GOAL OF THE EXERCISE |
In the entries below, find the line with "LOUNGE Window to" and the line with "A total of 40", then retype both and everything between them exactly. Do not copy the pictures.

ENTRIES SUPPLIED |
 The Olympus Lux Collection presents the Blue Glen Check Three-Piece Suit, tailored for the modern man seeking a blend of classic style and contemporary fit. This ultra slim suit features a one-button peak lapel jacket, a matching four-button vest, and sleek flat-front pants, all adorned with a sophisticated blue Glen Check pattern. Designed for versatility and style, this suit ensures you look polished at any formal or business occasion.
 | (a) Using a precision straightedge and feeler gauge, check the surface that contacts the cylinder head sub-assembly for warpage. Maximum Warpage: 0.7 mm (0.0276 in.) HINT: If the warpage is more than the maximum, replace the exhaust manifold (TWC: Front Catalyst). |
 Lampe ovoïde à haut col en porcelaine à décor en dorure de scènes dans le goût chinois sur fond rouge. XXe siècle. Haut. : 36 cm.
* * *
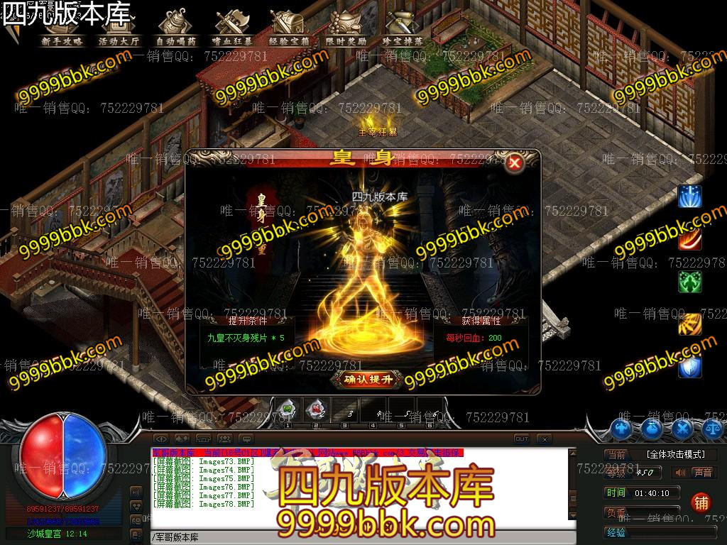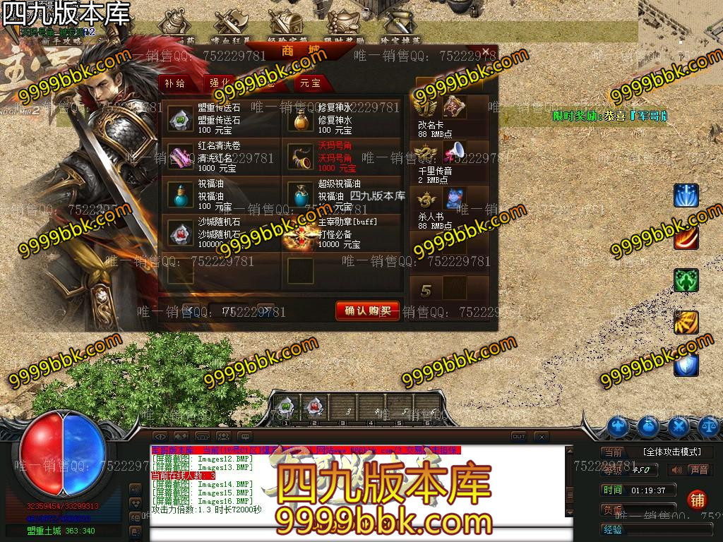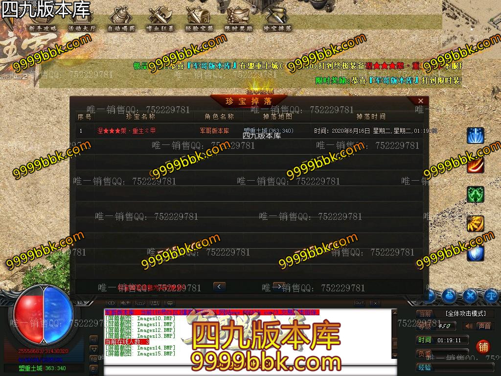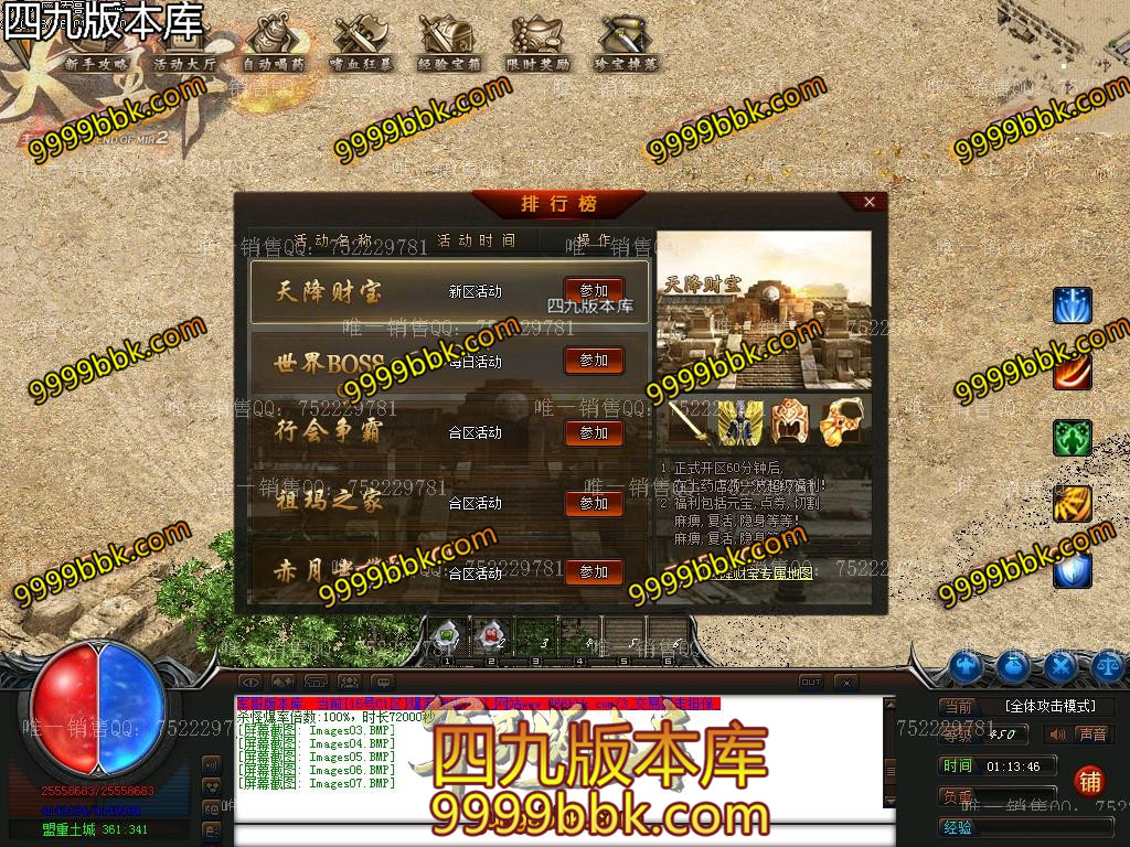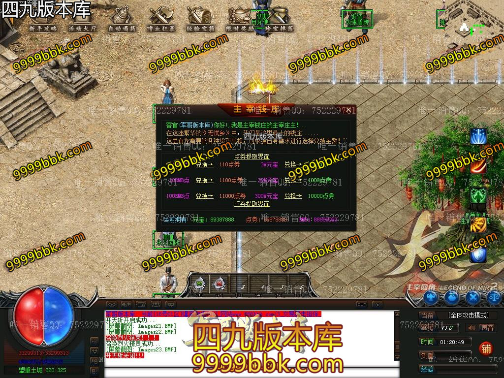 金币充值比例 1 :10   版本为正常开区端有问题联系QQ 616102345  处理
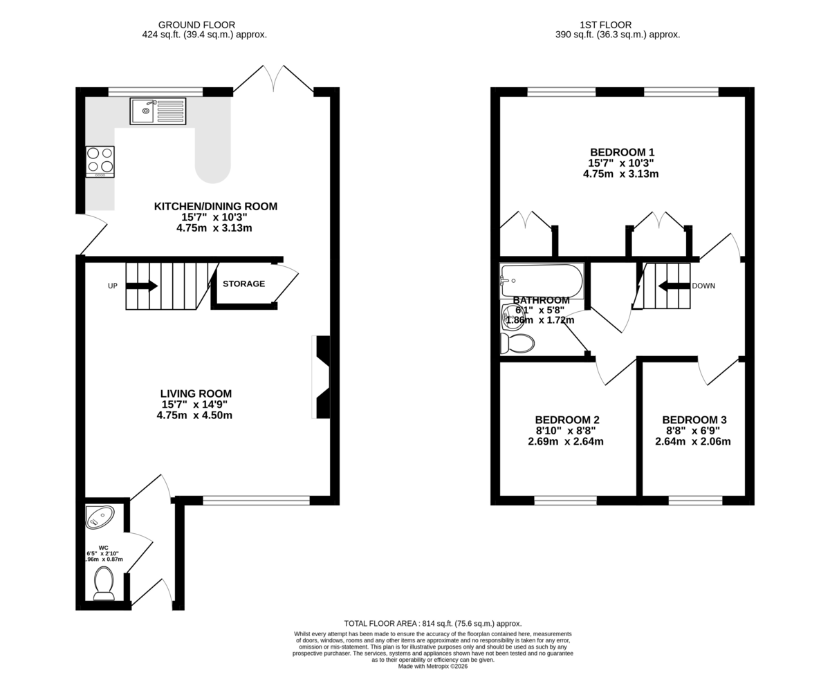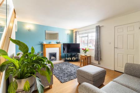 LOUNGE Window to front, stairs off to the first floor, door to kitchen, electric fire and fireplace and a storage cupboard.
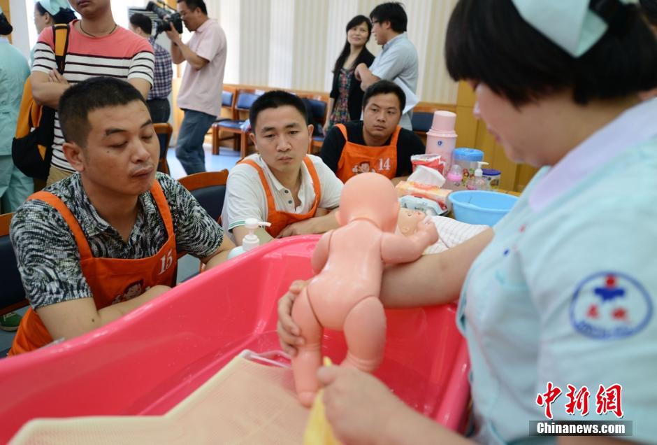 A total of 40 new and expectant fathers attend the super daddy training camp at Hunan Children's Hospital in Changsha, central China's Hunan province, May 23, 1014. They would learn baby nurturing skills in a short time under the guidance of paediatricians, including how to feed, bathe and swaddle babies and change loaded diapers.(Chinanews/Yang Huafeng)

ANSWER BOX |
 LOUNGE Window to front, stairs off to the first floor, door to kitchen, electric fire and fireplace and a storage cupboard.
 A total of 40 new and expectant fathers attend the super daddy training camp at Hunan Children's Hospital in Changsha, central China's Hunan province, May 23, 1014. They would learn baby nurturing skills in a short time under the guidance of paediatricians, including how to feed, bathe and swaddle babies and change loaded diapers.(Chinanews/Yang Huafeng)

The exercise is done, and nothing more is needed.